IKN Jadi Harapan Pemkab PPU Tarik Minat Dokter untuk Daerah
NUSSA.CO, PPU – Pemerintah Kabupaten Penajam Paser Utara (PPU) tengah berupaya mengatasi kekurangan tenaga medis, khususnya dokter, dengan menerapkan skema outsourcing. Langkah ini diambil sebagai respons terhadap minimnya minat dokter untuk bekerja di daerah tersebut, meskipun sektor kesehatan menjadi prioritas utama dalam Rancangan Peraturan Daerah (Raperda) Anggaran Pendapatan dan Belanja Daerah (APBD) 2025.
Sekretaris Daerah PPU, Tohar, mengungkapkan bahwa meskipun anggaran untuk sektor kesehatan telah dialokasikan, penerimaan Calon Pegawai Negeri Sipil (CPNS) tahun 2024 gagal memenuhi kebutuhan dokter. Dari 62 formasi tenaga kesehatan yang dibuka, termasuk 10 untuk posisi dokter, tidak ada pelamar yang mendaftar.
“Dalam penerimaan CPNS tahun 2024, tidak ada pelamar untuk formasi dokter. Hal ini memaksa kami mencari solusi alternatif,” ujar Tohar.
Skema Outsourcing sebagai Alternatif
Untuk memenuhi kebutuhan mendesak, Pemkab PPU akan mengalokasikan anggaran guna menggaji dokter melalui kontrak outsourcing. Skema ini dinilai efektif untuk memenuhi kekosongan posisi dokter sambil menunggu penerimaan CPNS di tahun berikutnya.
“Kami sudah menerapkan skema outsourcing tenaga dokter pada 2024 dan akan melanjutkannya tahun depan. Ini adalah langkah sementara untuk memastikan kebutuhan medis masyarakat terpenuhi,” tambahnya.

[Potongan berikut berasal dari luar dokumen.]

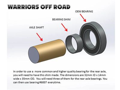 Here is a great tip for you looking to replace worn out rear axle bearings and replace with a higher quality one you will find they are a unique size only to HiSUN. Have some bearing shims made, then you will be able to use a more common and reliable bearing #6007. You will need to have three of them made as there are three bearings in the rear axle. The shim size should be 32mm ID with 35mm OD and 14mm wide. No one makes a direct replacement bearing except HiSUN, and they are not of the highest quality.

Tohar menjelaskan, minimnya minat dokter untuk bekerja di PPU disebabkan oleh kurangnya fasilitas pendukung dan peluang praktik pribadi dibandingkan kota-kota besar. Kondisi ini telah berlangsung beberapa tahun dan berdampak pada pelayanan kesehatan di wilayah Benuo Taka.
Harapan dari Kehadiran IKN
Dengan adanya pembangunan Ibu Kota Nusantara (IKN) di Kalimantan Timur, Tohar optimistis bahwa daya tarik wilayah PPU akan meningkat. Ia berharap kehadiran IKN dapat menarik lebih banyak dokter untuk bekerja di PPU.
“Kami berharap dengan kemajuan pembangunan, lebih banyak dokter tertarik bekerja di sini. Kehadiran IKN memberikan peluang besar untuk membangun fasilitas yang lebih baik dan menarik tenaga medis berkualitas,” tutupnya.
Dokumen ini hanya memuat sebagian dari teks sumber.